Italy To Pay Nigerians, Others €700 To Stay In Its Villages
The town of Caltanissetta in Sicily, Italy, have opened the doors of its vacant homes to asylum seekers, who have crossed the Mediterranean from Libya.
In another region in the south of Italy called Molise, new comers including Nigerian migrants will be given €700 to stay in one of its villages for three months, according to The GuardianUK.
These persons are, however, mandated to open a business and the population of each village is to be kept under 2,000.
“We wanted to do more; we wanted people to invest here. They can open any sort of activity: a bread shop, a stationery shop, a restaurant, anything.
“It’s a way to breathe life into our towns while also increasing the population.
“If we had offered funding, it would have been yet another charity gesture,” Donato Toma, President of Molise, said.

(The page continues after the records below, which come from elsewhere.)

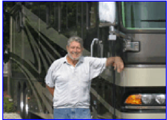
The Author & His Latest "Wheels"

We have a large motorhome. It looks fine. It is our home. It cost as much as a home. It is impressive to others. I am sure there are some people who think that because I have this very nice RV, I must have considerable wealth and carry it with me. I don't, but they don't know that.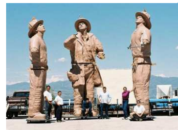
3 times life-size colossal monument in clay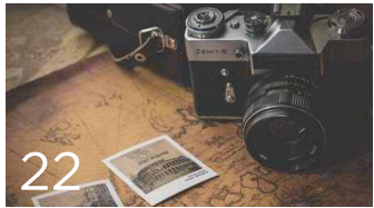
22 The tale of the first camera that the world saw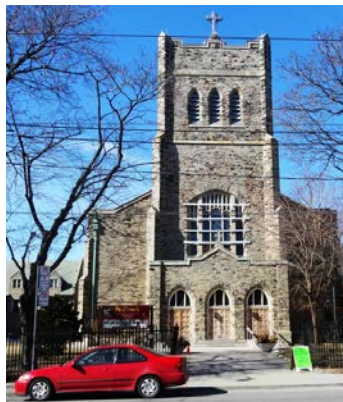
Fourplex at 588-594 Markham Street (above left); Wrigley Brothers' Grocery Store at 585 Bloor Street West (above right); St. Peter's Roman Catholic Church at 840 Bathurst Street (below)

Today, Bathurst-Bloor remains an important intersection in Toronto, which is adjoined by residential, commercial and institutional buildings that have cultural heritage value for their designs, historical associations and contextual importance.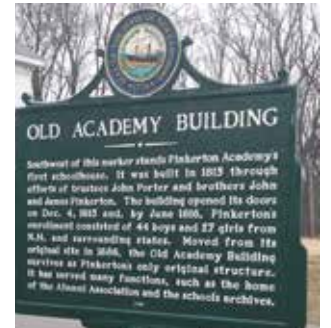
Historic marker installed on the lawn of the Stearns House, autumn 2020.

Society in 1979: the Old Academy Building, and its successor, the 1887 Pinkerton Hall (which might be next in line for nomination to the state register?).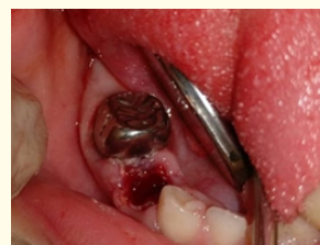
Figure 4a: Immediate postoperative view (right mandible).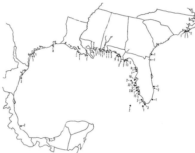
Fig. 3. Distribution of Bascanichthys scuticaris and B. bascanium . Numerals indicate numbers of specimens taken from collection sites and may represent two or more collections. Dots— B. scuticaris ; triangles— B. bascanium .

5.1–7.5, all in % TL; body depth 1.1–2.9% TL, 18.9–55.5% head length; eye diameter 24.0–42.9% snout length; 67–85 postanal vertebrae. Pectoral fin longer or shorter than wide. Teeth conical, recurved; uniserial in both jaws (45 specimens), or, in part, irregularly biserial on one or both sides of upper and/or lower jaw (9 specimens). Dentition of holotype anomalous for species; biserial on lower jaw, biserial and partially triserial on upper jaw. Premaxillary teeth usually three, larger than jaw teeth; vomerine teeth in two or three irregular rows anteriorly, becoming uniserial posteriorly. Cephalic lateralis system and lateral line ossicles as described for genus by McCosker (1977). Ground color brown to beige above midline, lighter below; dorsal and anal fins lighter than body.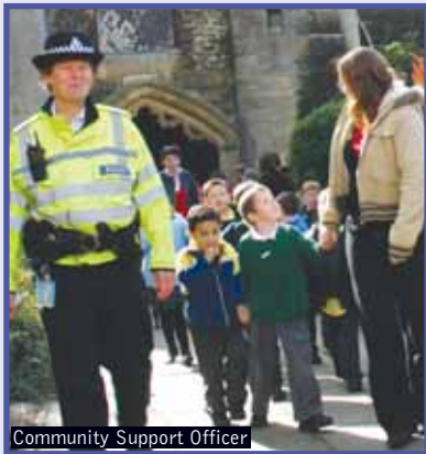
Community Support Officer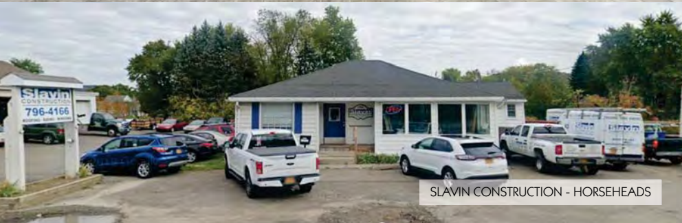
SLAVIN CONSTRUCTION - HORSEHEADS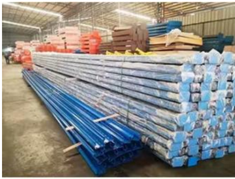
1. Package for Upright Frame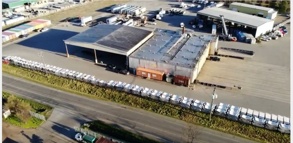
Building on the left, is the cooling shed, and the building on the right is the kiln building, they right beside one another

Toma said if a village can keep its population under 2,000, they will be given €10,000 per month to build infrastructure and hold cultural activities.
The International Organisation for Migration reports that in the second quarter of 2018, Nigerians made up 13 per cent of the migrant population in Italy, a spot it shared with fellow West African state, Guinea.
The offer by the President of Molise is appetising to Nigeria’s Igbo retailers and importers, who build dynasties as well as expand their footprint through informal apprenticeships.